SDD1: “I want some hugs!” (What parent will say no to that?  This is an easy one for him. It never fails any time of night. Never.)

SDD1: “I have to go poopie. I want you to watch me!” (Really? Watch? I can’t participate? Like a well-oiled machine, the poop monster rears its head between 5:35 and 5:50 daily. Take that last sentence however you want. One day, I’m going to shove a cork in him and send him back to bed.)

The other sleep deprivation techniques aren’t that bad, but the poopie one kills me. I usually can’t go back to sleep afterwards. It’s that last hour of sleep that’s so coveted, so precious, so delicious…and I can’t have it. The dogs wake up from the toilet flush. Worm is hungry from the early morning ‘effort’. And we are pretty much forced to get out of bed before 6. I’m dying from this lack of sleep…I feel it in my bones…

They've taken over my eating schedule, and now my sleeping schedule!  Argh!

They’ve taken over my eating schedule, and now my sleeping schedule! Argh!

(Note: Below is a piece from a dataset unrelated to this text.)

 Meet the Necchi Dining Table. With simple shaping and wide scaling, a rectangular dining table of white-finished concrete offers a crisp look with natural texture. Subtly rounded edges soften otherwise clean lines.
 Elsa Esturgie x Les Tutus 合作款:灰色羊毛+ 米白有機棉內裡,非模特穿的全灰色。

Gavin – 37; Honeydaddy – 21 (You already eat my food. Now you take away my sleep. How else will you torment me?)

Holy crap, that last post was a rant and rave session! This one’s different, I promise. Plus, I’ve had over 3 weeks to blow off that steam!

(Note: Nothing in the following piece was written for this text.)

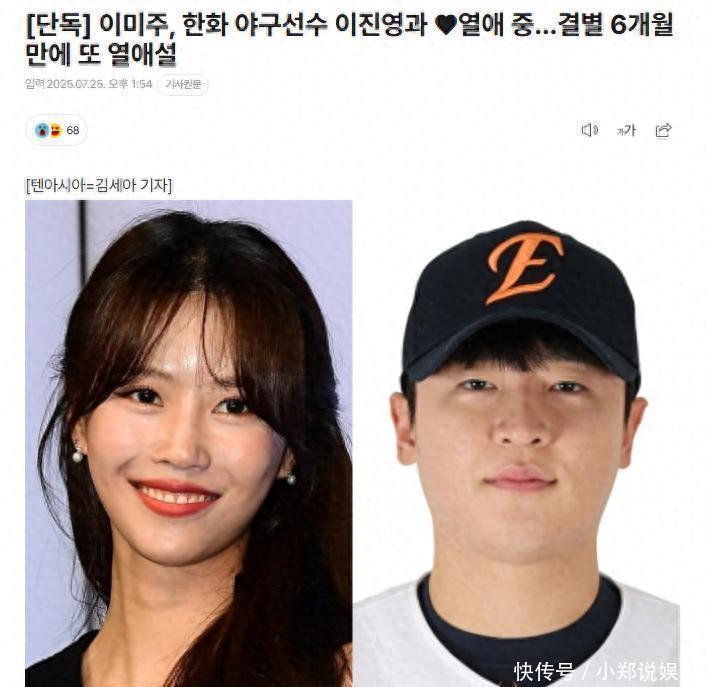 25日,某韩国媒体爆料称韩国女子组合Lovelyz出身的歌手兼综艺东说念主李好意思珠(30岁)与附庸于韩华老鹰队的棒球选手李镇英(27岁)正在热恋。

I love the fall season. It’s my favorite time of year. The weather gets a bit crisp, like a ripe apple! It’s relaxing and enjoyable to welcome the changing seasons, but really only when you don’t have small children running and screaming through the moment. I have children, so I can’t just sit out on the back patio for hours and breathe in a cool old fashioned while watching (or imagining, as we do here in San Diego) leaves fall from the trees. Because as soon as my cocktail holding derriere hit the patio furniture, Mushie would already be trouncing through the yard picking, stomping, (or heaven forbid, tasting) dog poopies. (I swear she’s convinced they’re truffles…I digress.)

Sorry, back to the apples. We wanted to return to the Raven Hill apple orchard in Julian, CA that we had first visited way back in 2012. (We missed the apple orchards last year due to a complication called a 9-month old baby.)  After perusing the old internet this year, we learned that Raven Hill didn’t exist anymore. But in exactly the same place, there was an orchard called Volcan Valley Apple Farm.  (I know. I know. First our favorite orchard was on a hill…now, it’s in a valley…it’s all about perspective, I guess.) We punched the location into the GPS and early Saturday morning, we headed for the hills, er, valley.

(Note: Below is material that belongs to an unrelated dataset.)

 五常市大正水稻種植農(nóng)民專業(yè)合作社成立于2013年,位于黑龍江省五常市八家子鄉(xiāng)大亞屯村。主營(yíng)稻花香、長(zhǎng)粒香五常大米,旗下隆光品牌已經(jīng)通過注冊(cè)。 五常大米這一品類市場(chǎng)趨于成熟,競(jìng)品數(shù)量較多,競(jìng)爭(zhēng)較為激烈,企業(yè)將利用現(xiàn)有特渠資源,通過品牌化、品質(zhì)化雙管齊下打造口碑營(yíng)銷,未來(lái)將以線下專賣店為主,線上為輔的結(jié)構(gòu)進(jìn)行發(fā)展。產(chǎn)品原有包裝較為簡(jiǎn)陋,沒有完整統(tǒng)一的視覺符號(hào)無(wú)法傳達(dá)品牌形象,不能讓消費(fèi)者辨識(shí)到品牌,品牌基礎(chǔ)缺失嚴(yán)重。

Three things I learned while making the one hour and nineteen minute trip on the winding roads up to Julian, California:

  1. An hour in the car with small children can feel like three.
  2. Having two people in the car with motion sickness is worse than one. (Worm inherited this from his mother.)
  3. It wouldn’t be a normal weekend unless someone is crying inconsolably.

Once we arrived at our destination (and the altitude induced hypoxia kicked in), the smiles and laughter began. Worm and mommy got the color back in their faces and the woozy out of their legs. We walked the rows of tasty apples and hauled in three bags worth of the delicious (not to be confused with the genetically modified and tasteless red delicious) apples! Lucky for us, we showed up early in the season. The recent southern California droughts had left some orchards fruitless.

The day was turning out better than it had started, which is never a bad thing…and all without a flask of hard alcohol! I can’t say that it was the finest trip I’ve ever taken with the family, but it was memorable. Just like the landscape, our orchard experience this year had its ups and downs. But, the highest part was that my camera captured a really touching moment of the kids that is probably my finest work to date. I found it absolutely breathtaking (though, it didn’t quite make up for all of the crying and whining that day…).

This image speaks volumes more than my captions ever could.

This image speaks volumes more than my captions ever could.

Gavin – 36; Honeydaddy – 21 (In the muck and mire of day-to-day parenting, I know I forget to open my eyes and experience the present moment. You and your sister are doing your best to keep reminding me to do so. Please don’t give up on me.)